-- Supplied material follows --

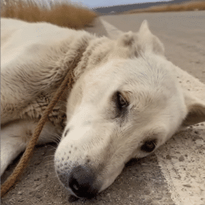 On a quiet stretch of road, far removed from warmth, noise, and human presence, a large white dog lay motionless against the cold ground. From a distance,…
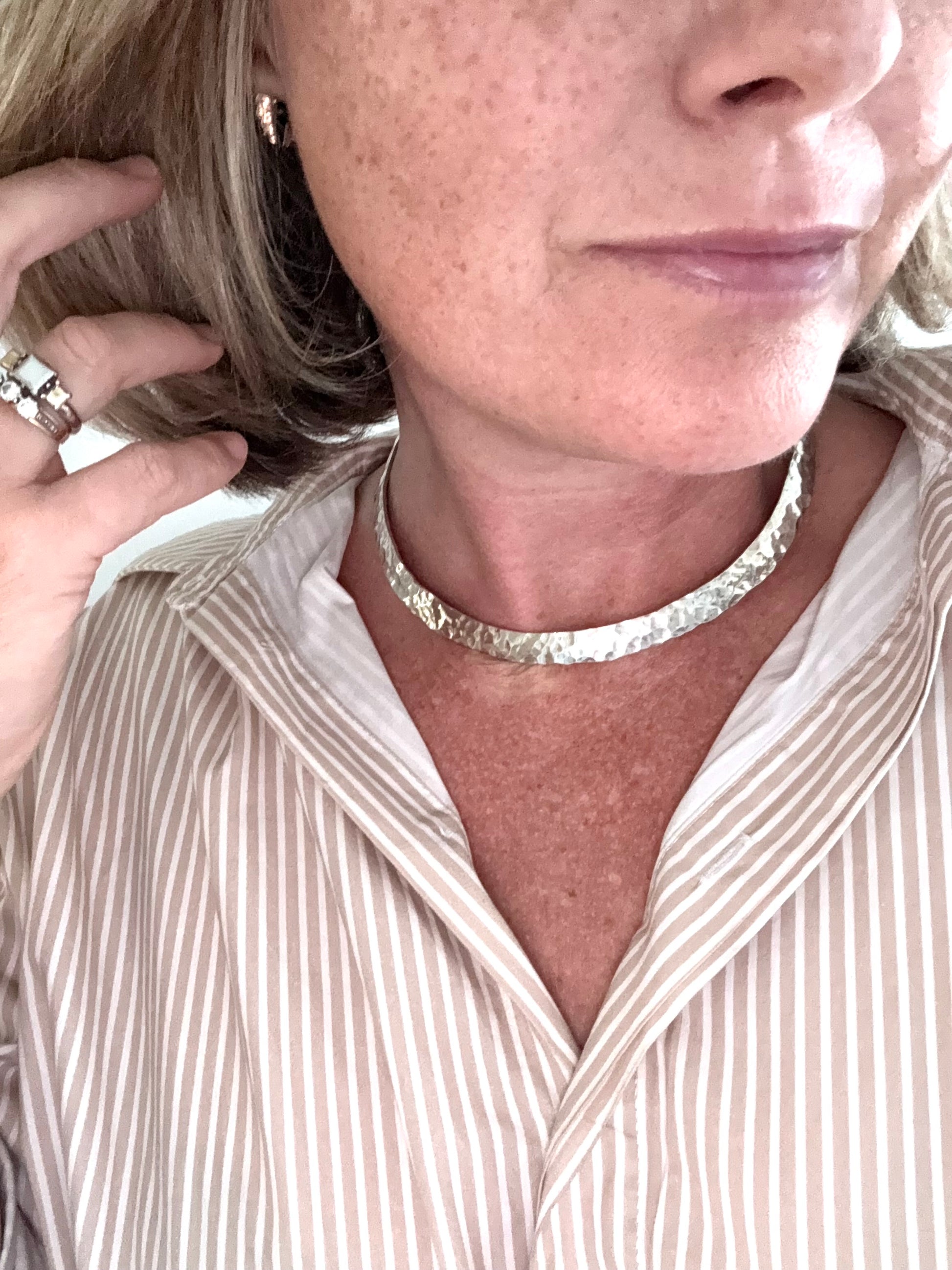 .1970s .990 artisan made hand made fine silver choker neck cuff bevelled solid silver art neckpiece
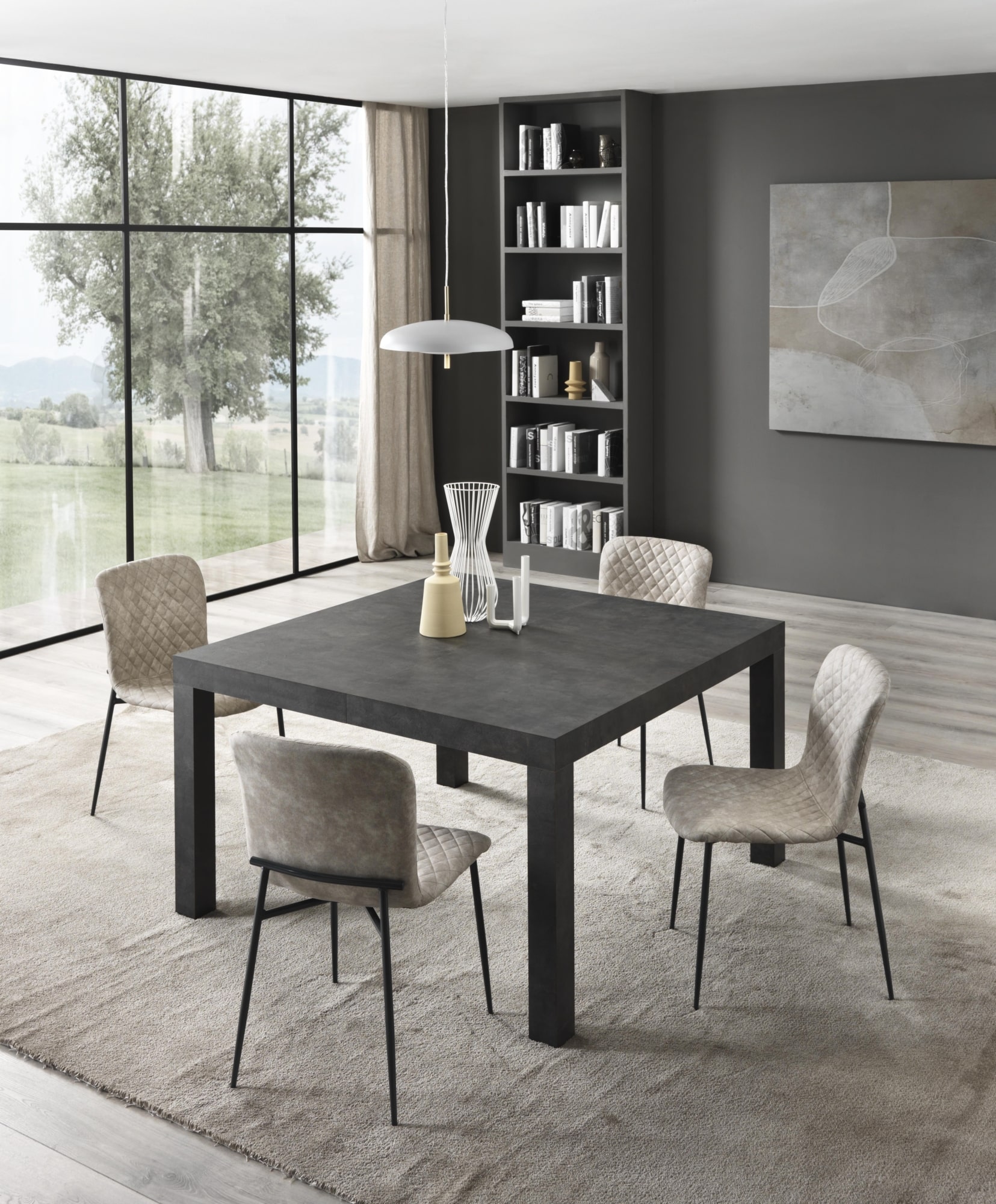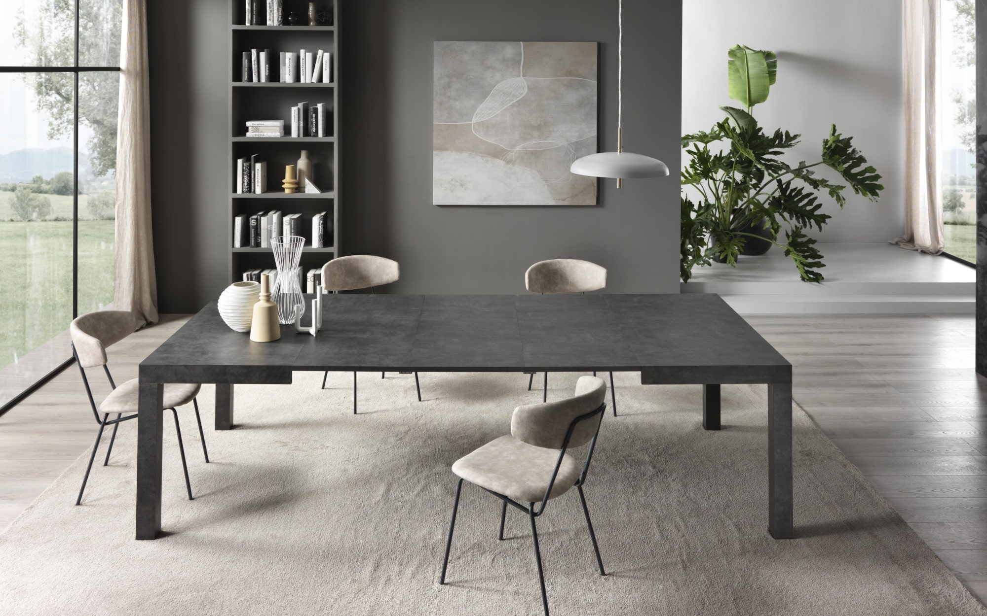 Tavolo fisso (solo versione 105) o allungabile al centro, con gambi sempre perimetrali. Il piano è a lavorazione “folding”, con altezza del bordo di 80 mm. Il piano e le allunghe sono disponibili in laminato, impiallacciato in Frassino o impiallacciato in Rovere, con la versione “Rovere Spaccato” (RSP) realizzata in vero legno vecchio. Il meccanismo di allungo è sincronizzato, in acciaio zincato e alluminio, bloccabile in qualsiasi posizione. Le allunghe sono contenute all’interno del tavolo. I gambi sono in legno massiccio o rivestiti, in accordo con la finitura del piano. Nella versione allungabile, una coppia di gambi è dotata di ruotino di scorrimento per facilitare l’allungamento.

-- Supplied material concluded --
-- Supplied material follows --

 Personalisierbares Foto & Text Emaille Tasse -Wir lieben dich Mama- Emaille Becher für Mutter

-- Supplied material concluded --

● Your objective: From the records above, extract the lines from the one holding "On a quiet stretch" through the one holding "silver art neckpiece", word for word; omit the pictures.

● Written solution:
 On a quiet stretch of road, far removed from warmth, noise, and human presence, a large white dog lay motionless against the cold ground. From a distance,…
 .1970s .990 artisan made hand made fine silver choker neck cuff bevelled solid silver art neckpiece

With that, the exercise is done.